[Task details] Word for word, copy out the data below, omitting pictures.

[Information supplied]
------
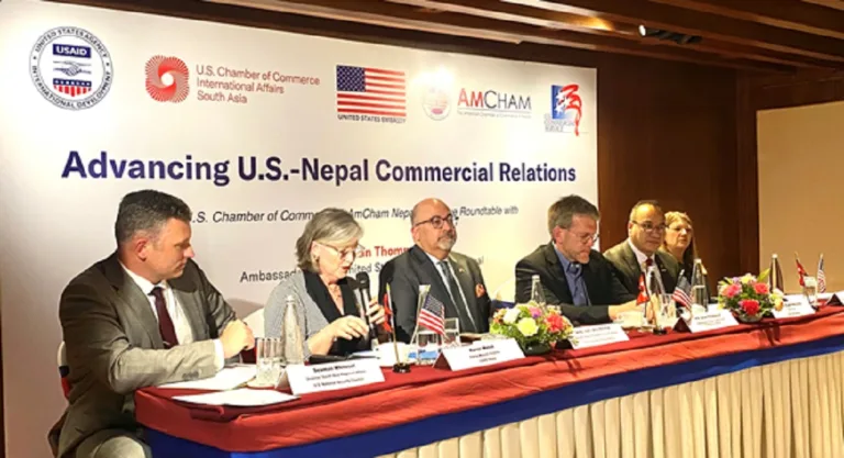 राजदूत थम्पसनले पछिल्लो समय अमेरिकी सरकारले विद्युतीय प्रसारण लाइन, सडकलगायतका पूर्वाधार क्षेत्रमा लगानीका साथै महिलाद्वारा सञ्चालित साना उद्यममा पनि सहयोग गरिरहेको बताए ।
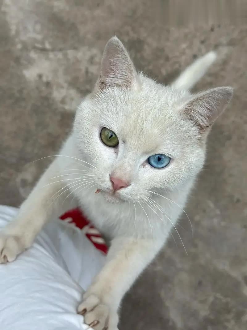 在这群来来且归的流浪客中,有一只异瞳小白猫最为极度——它是狸花猫带总结次数最多的,却亦然胆子最小的。
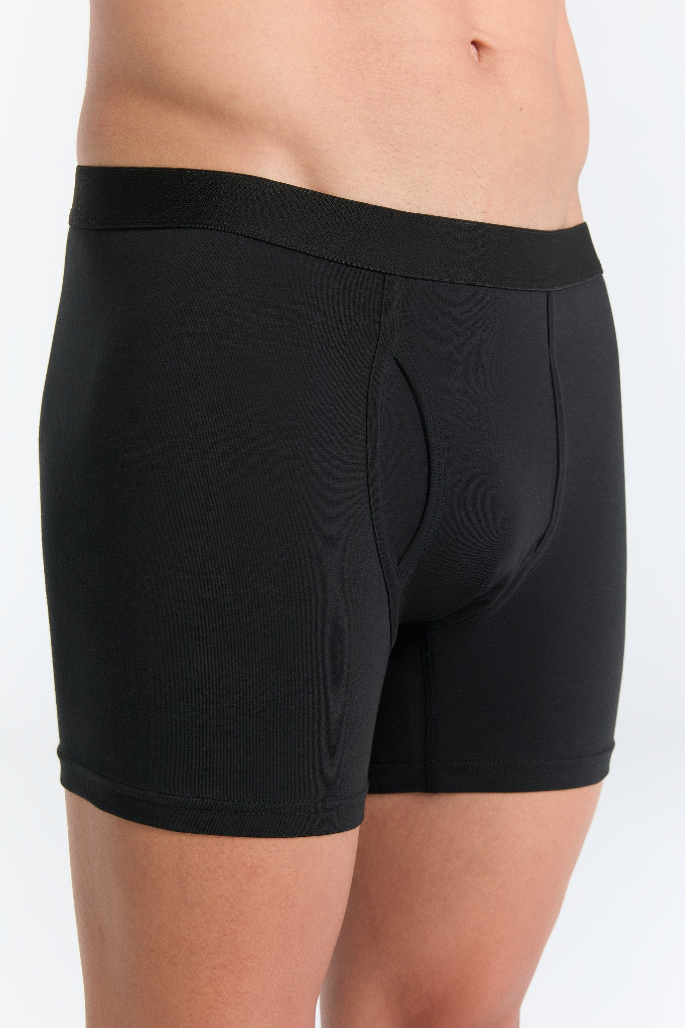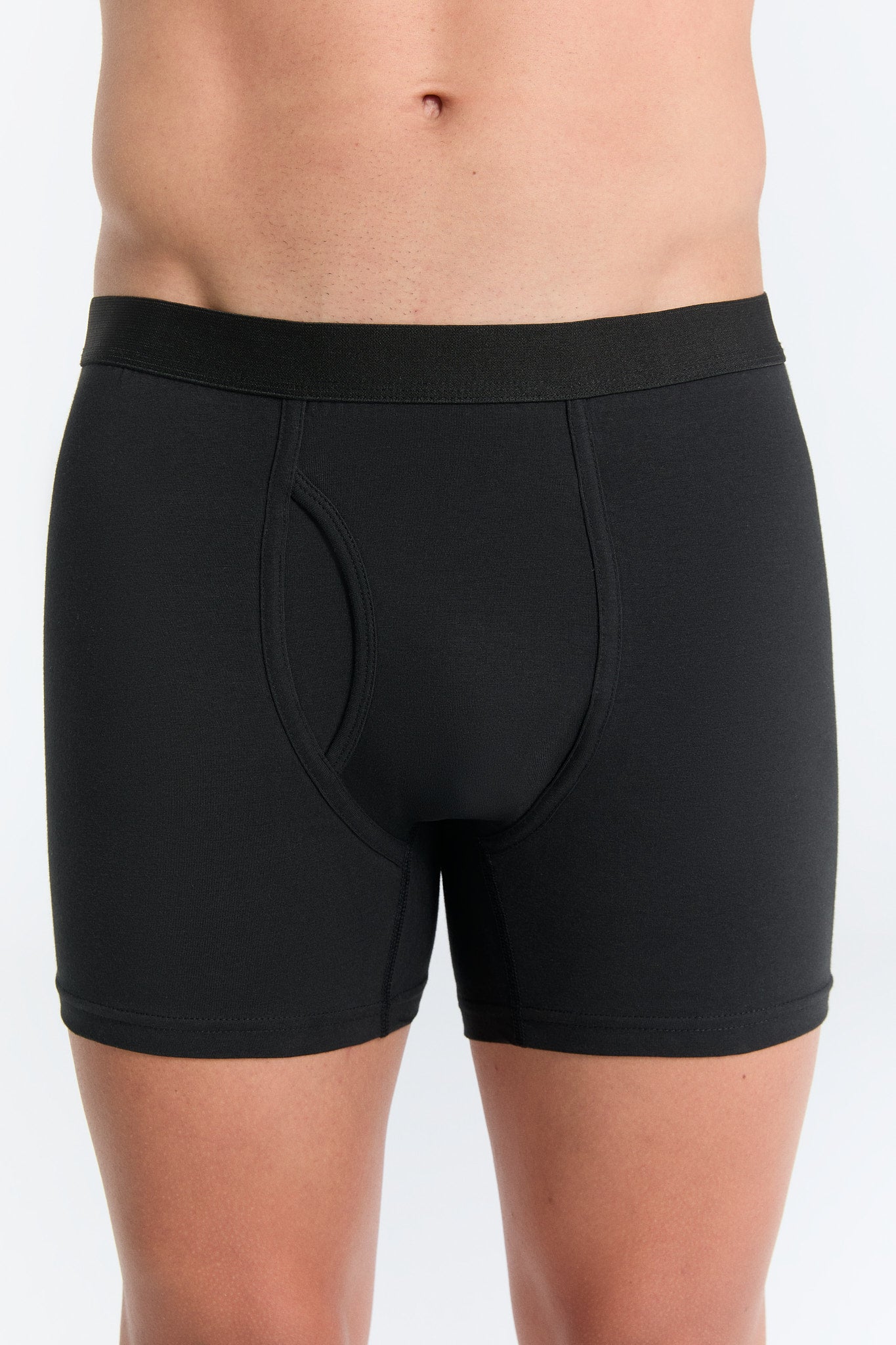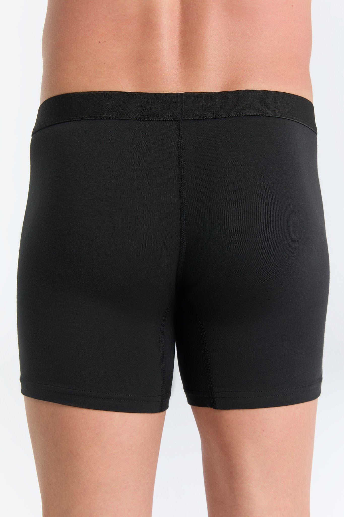 Herren Boxershorts in Schwarz mit elastischem, schwarzen Taillenbund in einem sportlich, trendigen Design mit Eingriff aus 95% Bio-Baumwolljersey (kbA) und 5% Elasthan. Die enge Passform aus weichem Baumwolljersey hat eine hohe Qualität, ist angenehm auf der Haut und verleiht dir ein optimales Traggefühl. Fair & nachhaltig hergestellt in der Türkei und Ägypten – mit türkischer Bio-Baumwolle aus kontrolliert ökologischem Anbau.
------
[Written answer]
 राजदूत थम्पसनले पछिल्लो समय अमेरिकी सरकारले विद्युतीय प्रसारण लाइन, सडकलगायतका पूर्वाधार क्षेत्रमा लगानीका साथै महिलाद्वारा सञ्चालित साना उद्यममा पनि सहयोग गरिरहेको बताए ।
 在这群来来且归的流浪客中,有一只异瞳小白猫最为极度——它是狸花猫带总结次数最多的,却亦然胆子最小的。
 Herren Boxershorts in Schwarz mit elastischem, schwarzen Taillenbund in einem sportlich, trendigen Design mit Eingriff aus 95% Bio-Baumwolljersey (kbA) und 5% Elasthan. Die enge Passform aus weichem Baumwolljersey hat eine hohe Qualität, ist angenehm auf der Haut und verleiht dir ein optimales Traggefühl. Fair & nachhaltig hergestellt in der Türkei und Ägypten – mit türkischer Bio-Baumwolle aus kontrolliert ökologischem Anbau.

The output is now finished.